The prin­ci­pal may dis­close devel­op­ment results men­tion­ing the author if this is agreed upon in advance with us, unless in indi­vid­ual cas­es there are con­flict­ing rea­sons (e.g. if the prop­er­ty rights reg­is­tra­tion is at risk). If dis­clo­sure is car­ried out for the pur­pose of adver­tis­ing the author must not be men­tioned upon our request. 

13.) Agree­ment on the take-back oblig­a­tion of the man­u­fac­tur­er accord­ing to §10 sec. 2 of the Ger­man act on elec­tric and elec­tron­ic devices

The pur­chas­er assumes the oblig­a­tion to dis­pose of the deliv­ered goods in a prop­er way at its own expense after ter­mi­na­tion of use accord­ing to the legal require­ments. The pur­chas­er exempts us from the oblig­a­tions accord­ing to §10 sec. 2 of the Ger­man act on elec­tric and elec­tron­ic devices Elek­troG (take-back oblig­a­tion of the man­u­fac­tur­er) and relat­ed claims of third parties.

14.) Note on data 

We store per­son­al and com­pa­ny-relat­ed data in the con­text of busi­ness rela­tions and process them with­in our company.
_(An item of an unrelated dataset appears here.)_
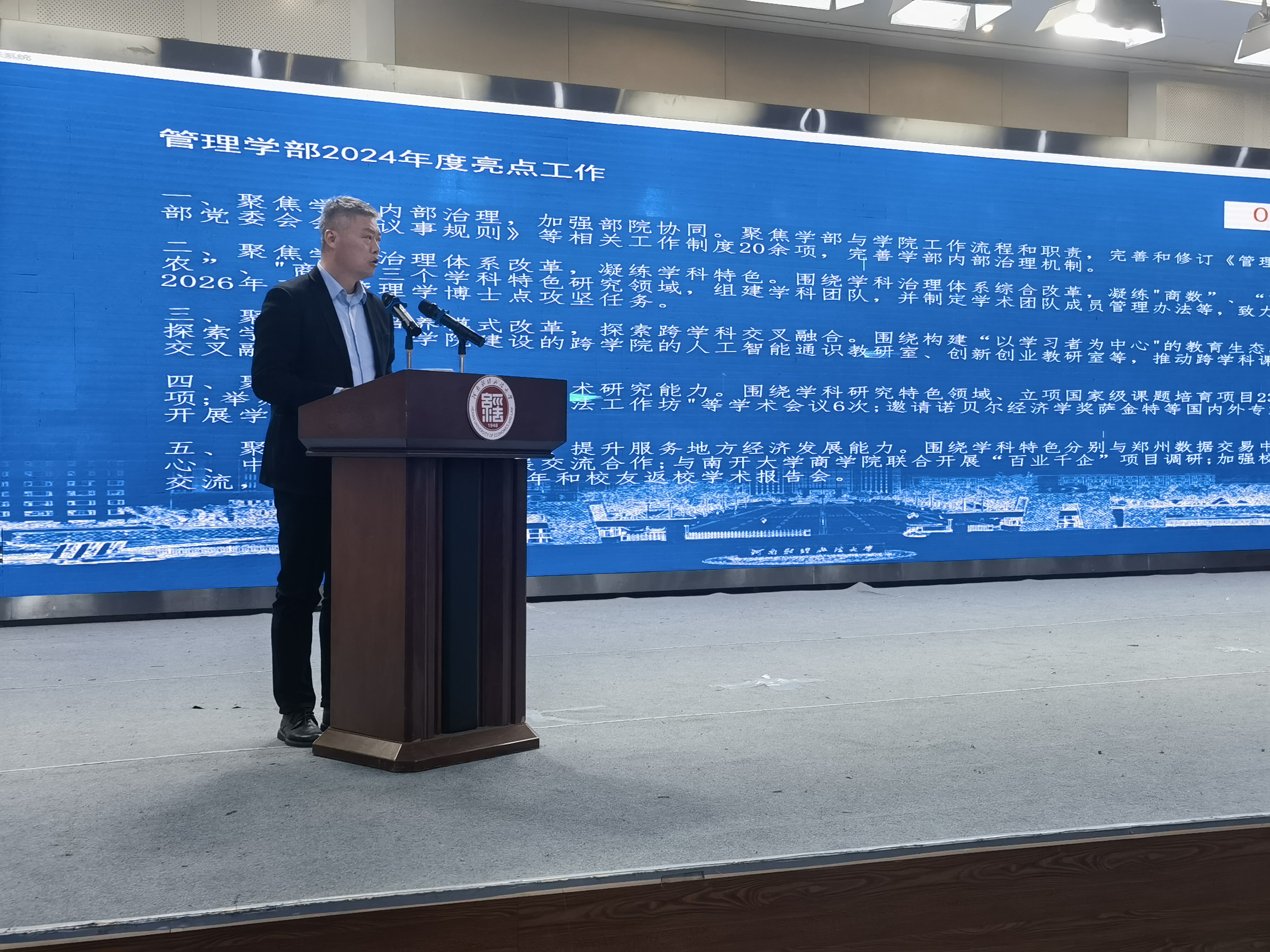 随后,工商管理学院、管理科学与工程学院、会计学院、审计学院、旅游管理与会展学院、数据科学与电子商务学院、政府管理学院、国际商学院等学院领导班子依次进行了述职报告,全面汇报了本单位一年来工作完成情况和工作中的业绩、亮点、主要存在的问题、改进措施及2025年工作计划。

15.) Choice of law, place of per­for­mance, place of jurisdiction

All con­trac­tu­al agree­ments are sub­ject to Ger­man law.
Place of per­for­mance is the reg­is­tered office of GETT Gerätetech­nik GmbH.
Place of juris­dic­tion for busi­ness peo­ple is the reg­is­tered office of GETT Gerätetech­nik GmbH.